Ok that actually agrees with the other problems I have done. I guess I am just confused on the second fundemental theorem of calculus. The fundemental theorem is used to find the net change or posative area under a curve right? Then what is the purpose of the second fundemental theorem? My book doesn't explain it well

Answer 10

the "second fundamental theorem" says in english " the derivative of the integral is the integrand"

Answer 11

make sure to think of
\[\int_a^xf(t)dt\] as a function of \(x\) as in
\[F(x)=\int_a^x f(t)dt\] and so what the theorem tells you is that
\[F'(x)=f(x)\]

Answer 12

for example, if i had
\[\int_1^x2t^2+1dt\] then i know that if we put
\[F(x)=\int _1^x 2t^2+1dt\] then
\[F'(x)=2x^2+1\]

Answer 13

so it is really just a wy of taking an integral and finding its prime function?

Answer 14

I don't want to sound dumb but what does that apply to?

Answer 15

it also happens that we know another function with the same derivative, namely
\[G(x)=\frac{2}{3}x^3+x\] and therefore
\[F(x)=\int_1^x 2t^2+tdt=G(x)=\frac{2}{3}x^3+x+C\] this is what gives you the first fundamental theorem

Answer 16

what the theorem says is that if you have any reasonable ( integrable) function, that you can find its anti derivative, namely the integral

Answer 17

so you can use the second fundamental theorem to find the prime function, then integrate and arrive at the original function?

Answer 18

I didn't think of it like that.

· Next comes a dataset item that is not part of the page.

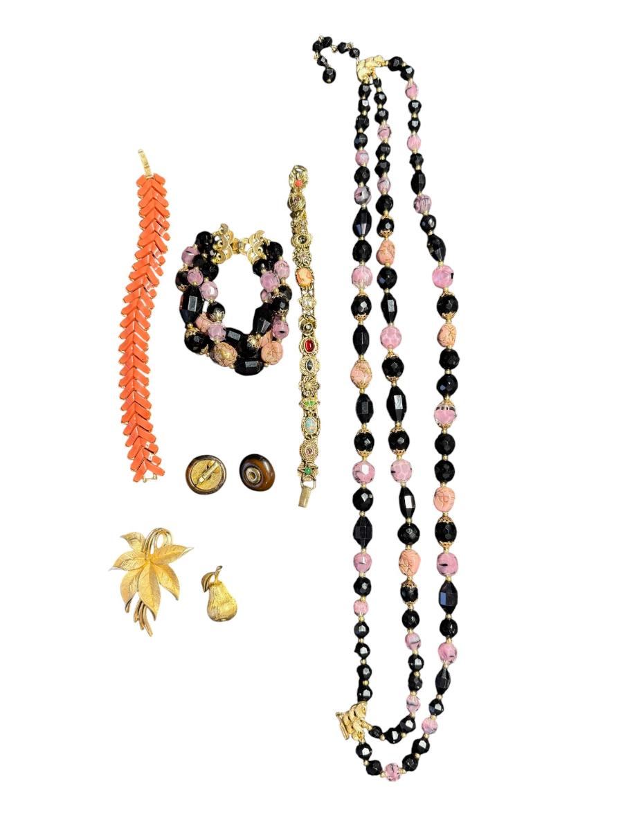 Includes bracelets, pins, earrings, and a necklace. Total of seven pieces. [RM]

So its kind of like how you use logarithms to find exponetial functions and vise versa, this is a way to take an definite integal and revert to the original function?

Answer 19

you probably know that
\[\int_a^bf(t)dt=F(b)-F(a)\] where F is an anti derivative of \(f\) and the reason this is true is by the second fundamental theorem, so it should really be called the first one

Answer 20

so yes, since the derivative of the integral is the integrand it means if we can find ANOTHER such function (anti derivative) then it allows us an easy method to evaluate the integral, as in my example above

Answer 21

two functions have the same derivative so they differ by a constant.
i have to run but let me finish with the example above

Answer 22

ok

Answer 23

the two functions
\[\int_1^x2t^2+1dt\] and
\[\frac{2}{3}x^3+x\] both have the same derivative, namely
\[f(x)=2x^2+1\]

Answer 24

therefore we know that
\[G(x)=\frac{2}{3}x^2+x+C=\int_1^xt^2+1dt\]

Answer 25

the one on the right is the one we want to evaluate say we want
\[\int_1^2t^2+1dt\]
but it is hard to evaluate an integral, easy to evaluate a polynomial, so instead we evaluate
\[G(2)\]

Answer 26

we only have to solve for the constant, and since
\[\int _1^1t^2+1dt=0\] we know that \(G(1)=0\) and therefore
\(C=-(\frac{2}{3}+1)\)and hence the integral can be computed by
\[G(x)-G(1)\] as in first fundamental theorem

Answer 27

thanks for your help

Answer 28

yw